-------- RECORDS SHOWN
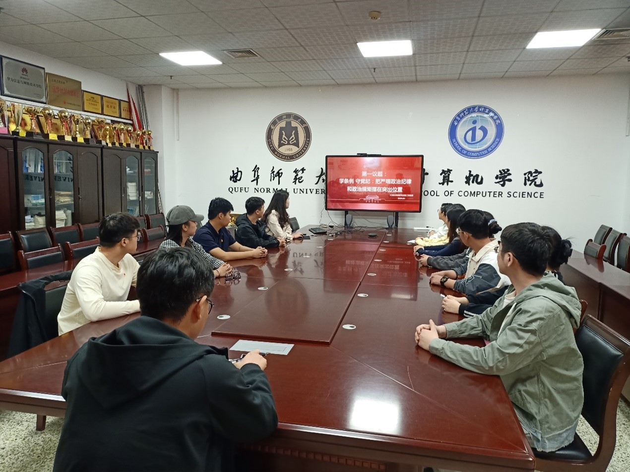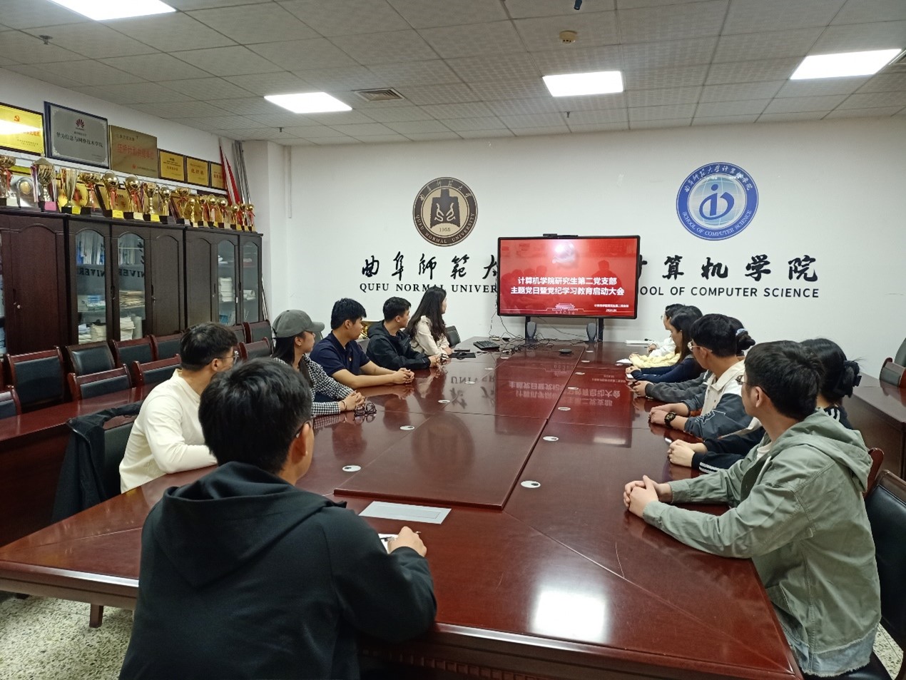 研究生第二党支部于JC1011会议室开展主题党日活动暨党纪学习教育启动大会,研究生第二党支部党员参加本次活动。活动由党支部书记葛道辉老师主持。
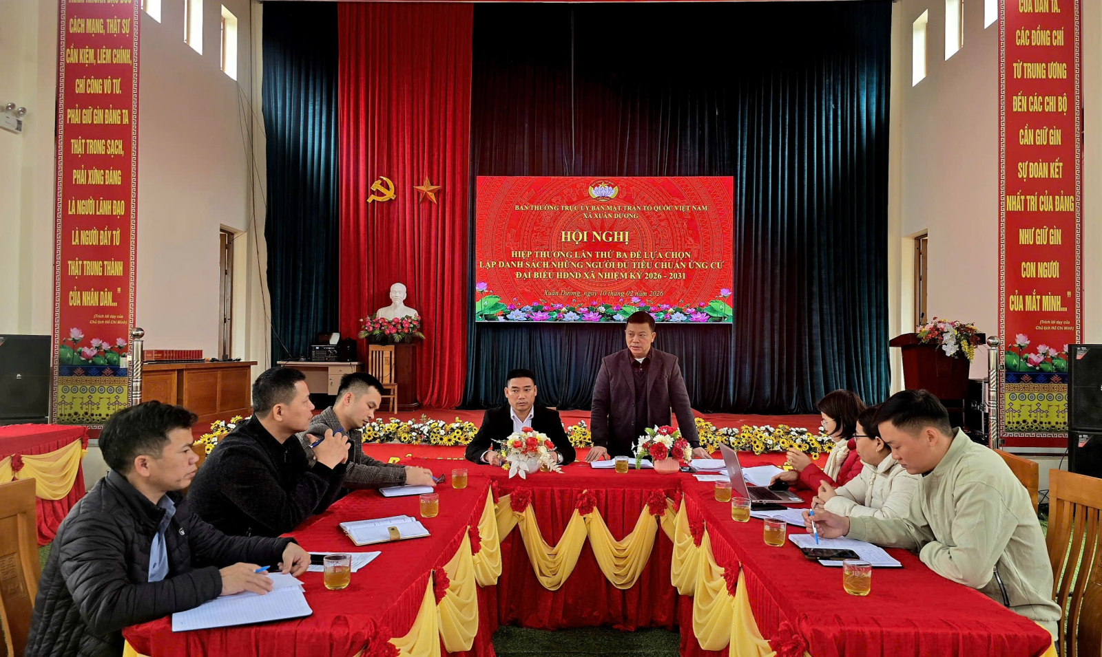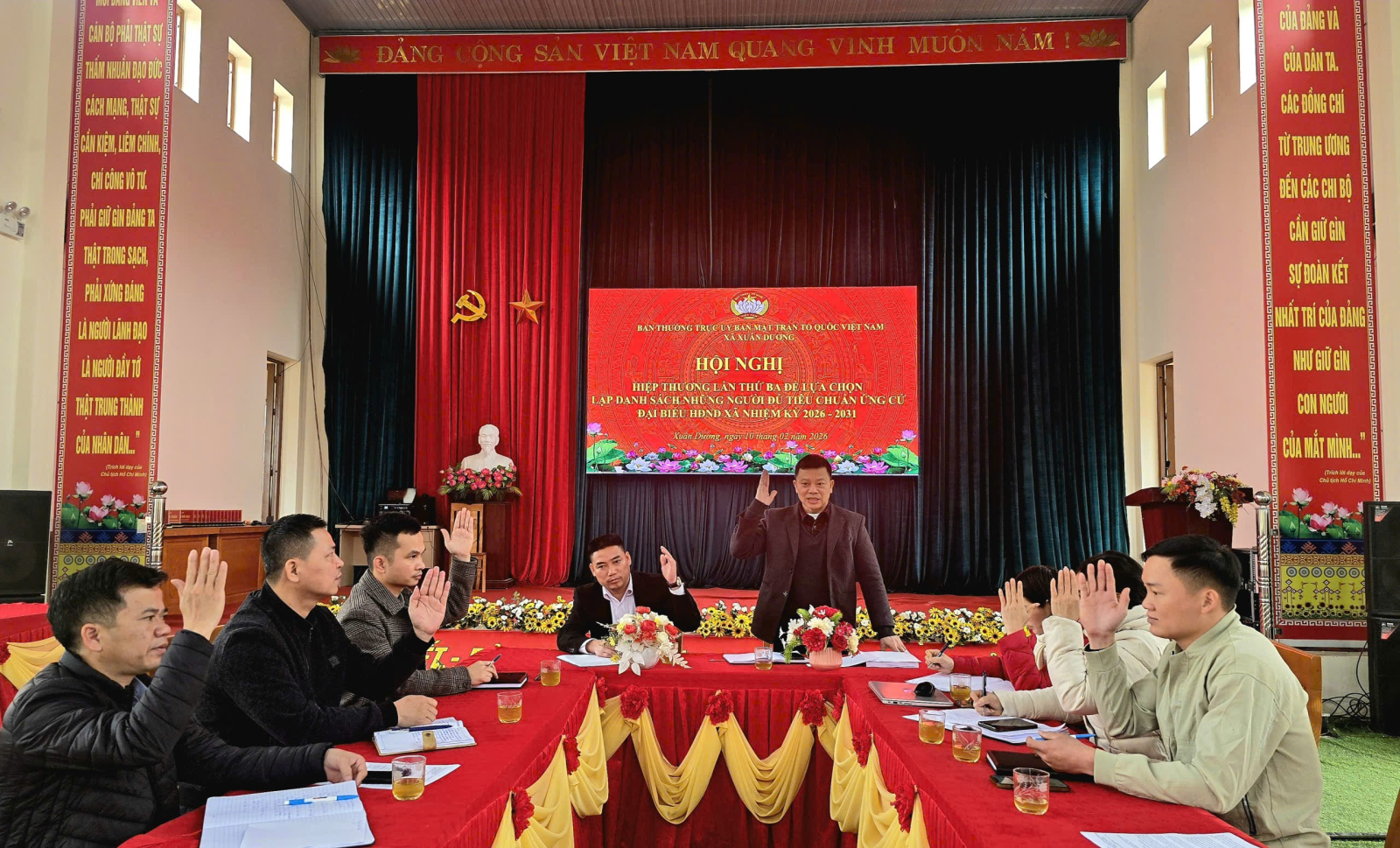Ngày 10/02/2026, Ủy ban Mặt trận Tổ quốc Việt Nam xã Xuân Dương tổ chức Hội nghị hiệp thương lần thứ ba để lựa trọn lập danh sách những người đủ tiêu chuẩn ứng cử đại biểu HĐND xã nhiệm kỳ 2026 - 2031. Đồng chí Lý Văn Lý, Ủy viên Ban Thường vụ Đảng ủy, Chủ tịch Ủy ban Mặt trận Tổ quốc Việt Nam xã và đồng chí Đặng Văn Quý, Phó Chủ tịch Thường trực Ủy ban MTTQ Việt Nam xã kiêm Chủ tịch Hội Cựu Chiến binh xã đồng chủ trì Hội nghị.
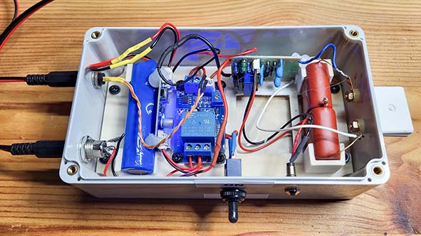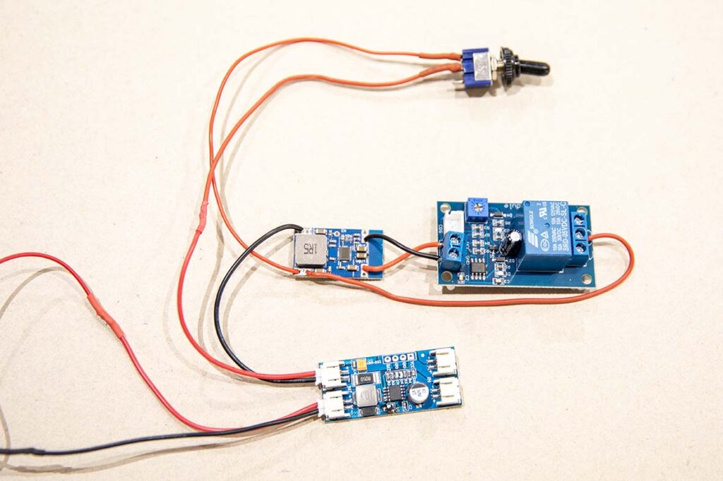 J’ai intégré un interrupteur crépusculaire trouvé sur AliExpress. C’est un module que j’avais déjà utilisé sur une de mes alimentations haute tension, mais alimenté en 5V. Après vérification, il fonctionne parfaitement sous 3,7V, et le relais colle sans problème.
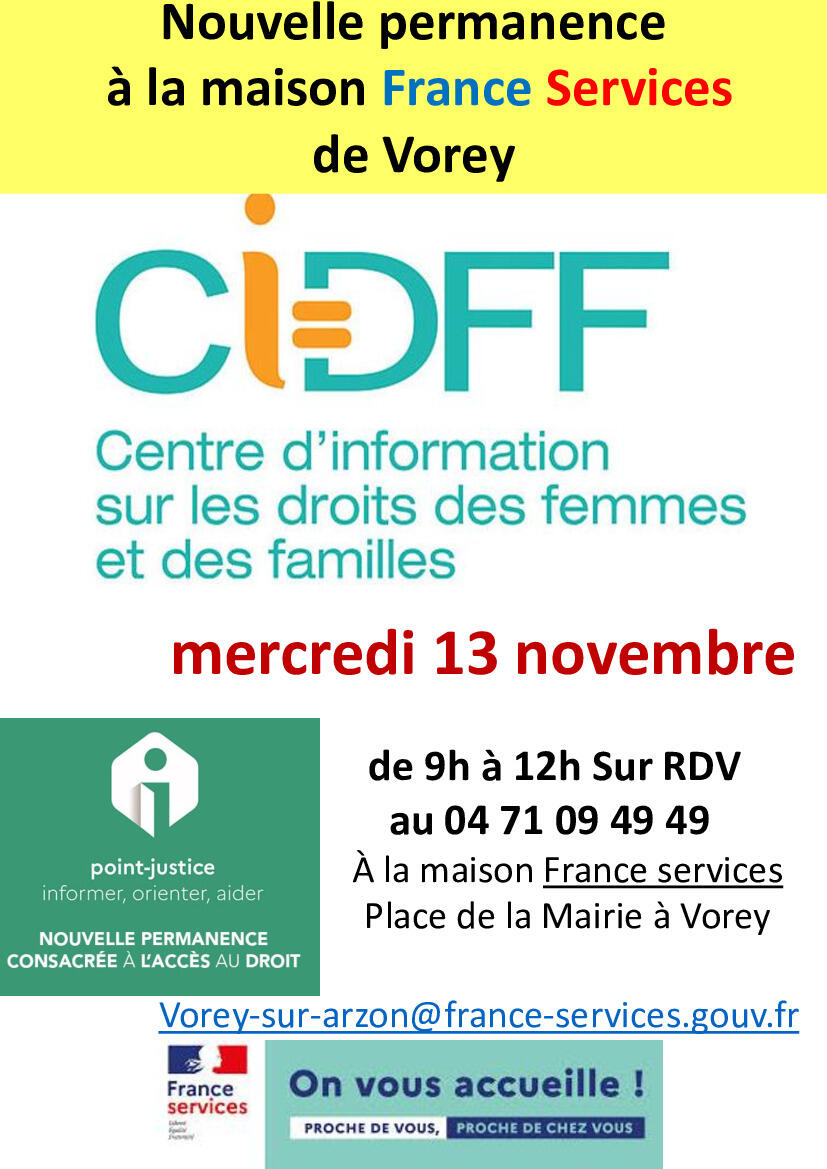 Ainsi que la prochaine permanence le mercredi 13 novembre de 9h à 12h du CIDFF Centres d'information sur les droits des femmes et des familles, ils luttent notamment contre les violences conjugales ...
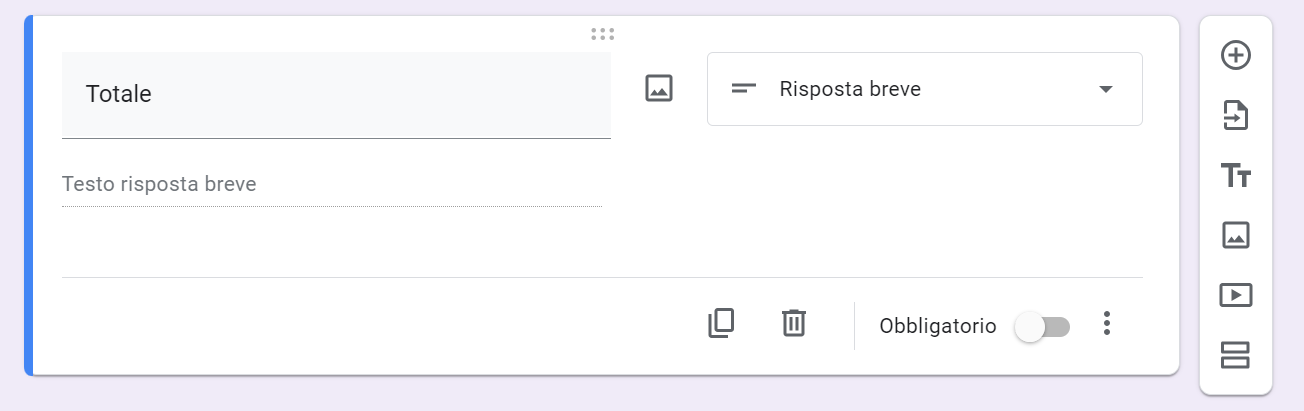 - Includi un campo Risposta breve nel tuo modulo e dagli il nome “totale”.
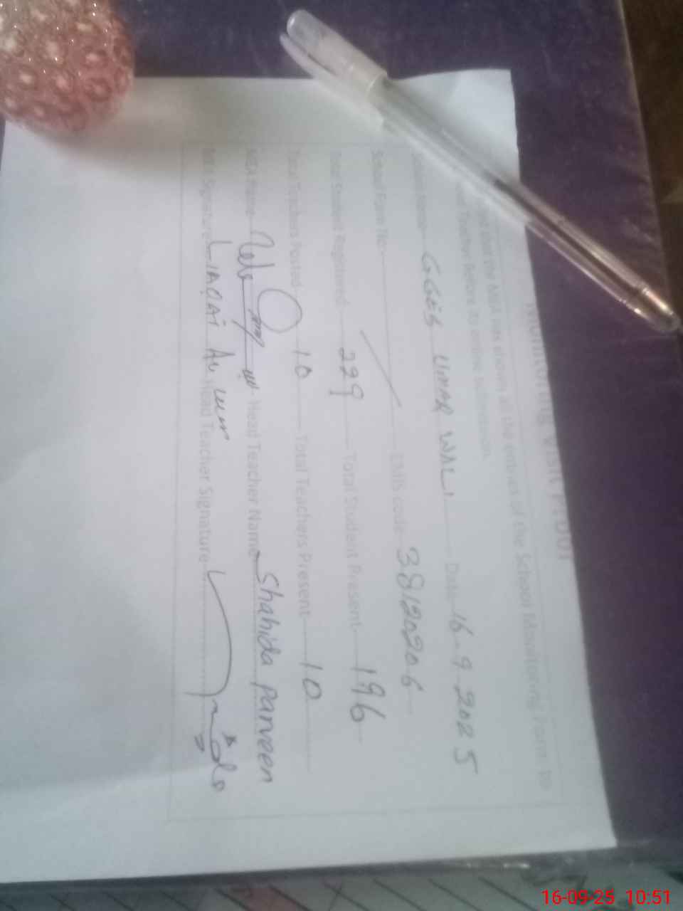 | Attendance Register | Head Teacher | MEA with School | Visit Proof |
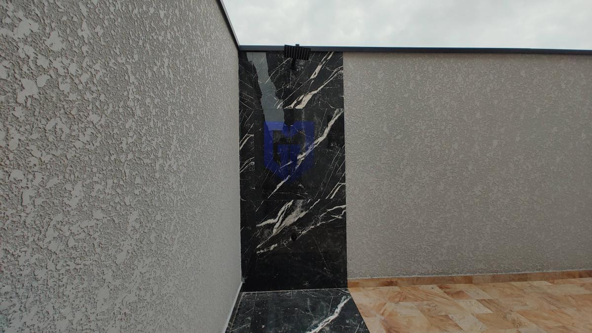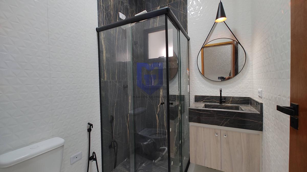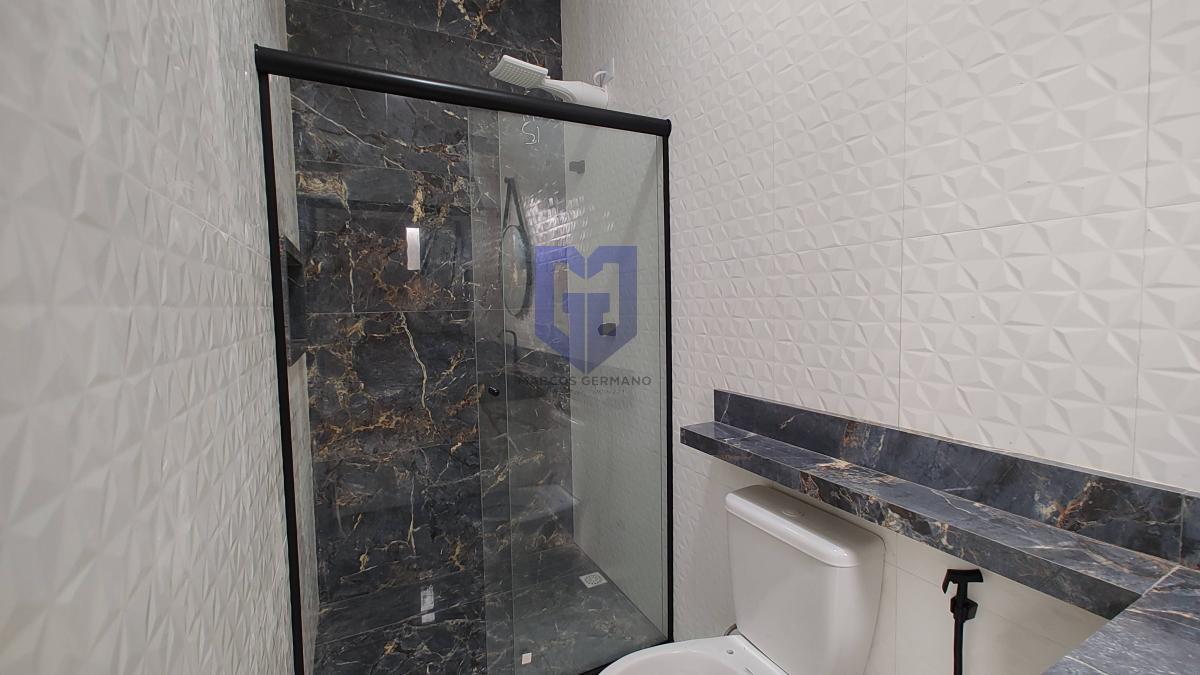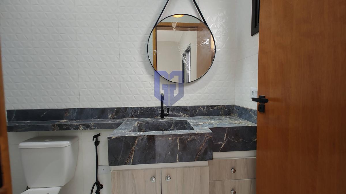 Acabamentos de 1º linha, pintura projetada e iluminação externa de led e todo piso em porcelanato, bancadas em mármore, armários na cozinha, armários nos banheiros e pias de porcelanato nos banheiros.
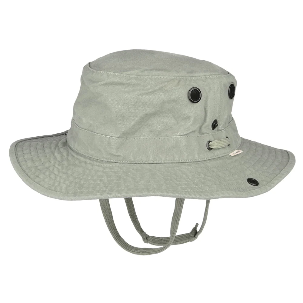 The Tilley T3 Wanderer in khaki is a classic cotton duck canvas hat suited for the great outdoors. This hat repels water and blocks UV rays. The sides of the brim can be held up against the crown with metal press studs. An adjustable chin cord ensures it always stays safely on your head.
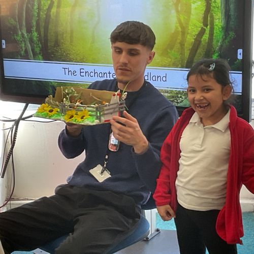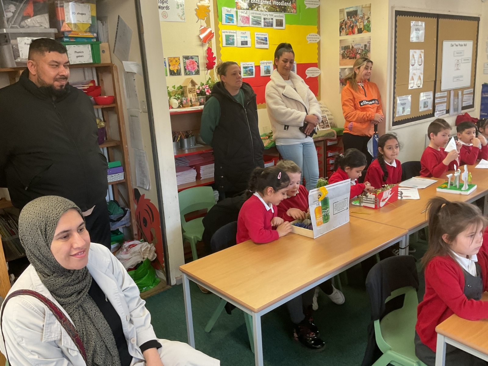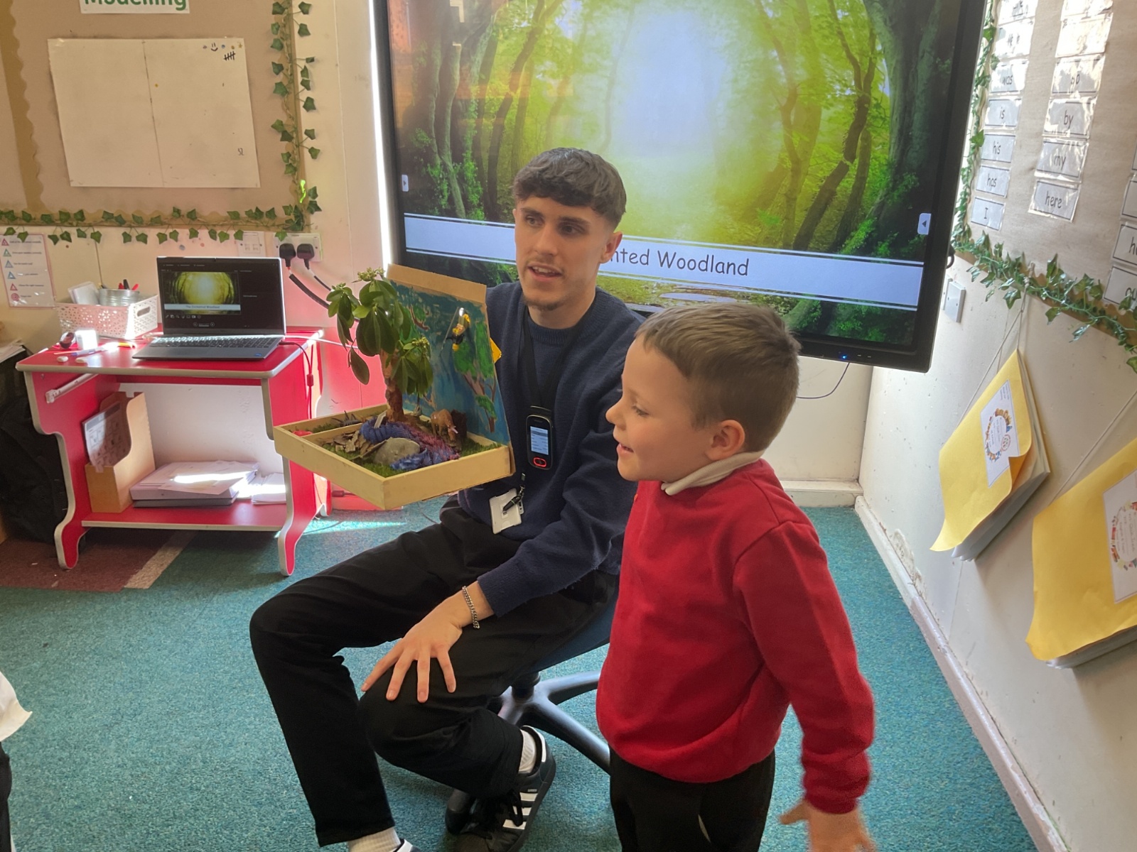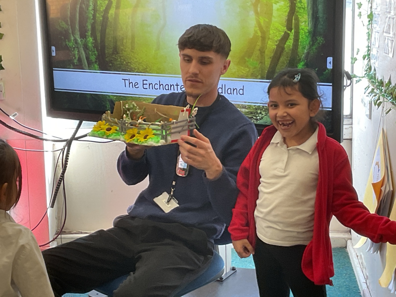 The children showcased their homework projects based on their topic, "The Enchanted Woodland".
----------------
WHAT IS REQUIRED: Reproduce the lines above starting at the one with "J’ai intégré un" and ending at the one with "Visit Proof |", both included, exactly and with no pictures.

EXERCISE OUTPUT:
 J’ai intégré un interrupteur crépusculaire trouvé sur AliExpress. C’est un module que j’avais déjà utilisé sur une de mes alimentations haute tension, mais alimenté en 5V. Après vérification, il fonctionne parfaitement sous 3,7V, et le relais colle sans problème.
 Ainsi que la prochaine permanence le mercredi 13 novembre de 9h à 12h du CIDFF Centres d'information sur les droits des femmes et des familles, ils luttent notamment contre les violences conjugales ...
 - Includi un campo Risposta breve nel tuo modulo e dagli il nome “totale”.
 | Attendance Register | Head Teacher | MEA with School | Visit Proof |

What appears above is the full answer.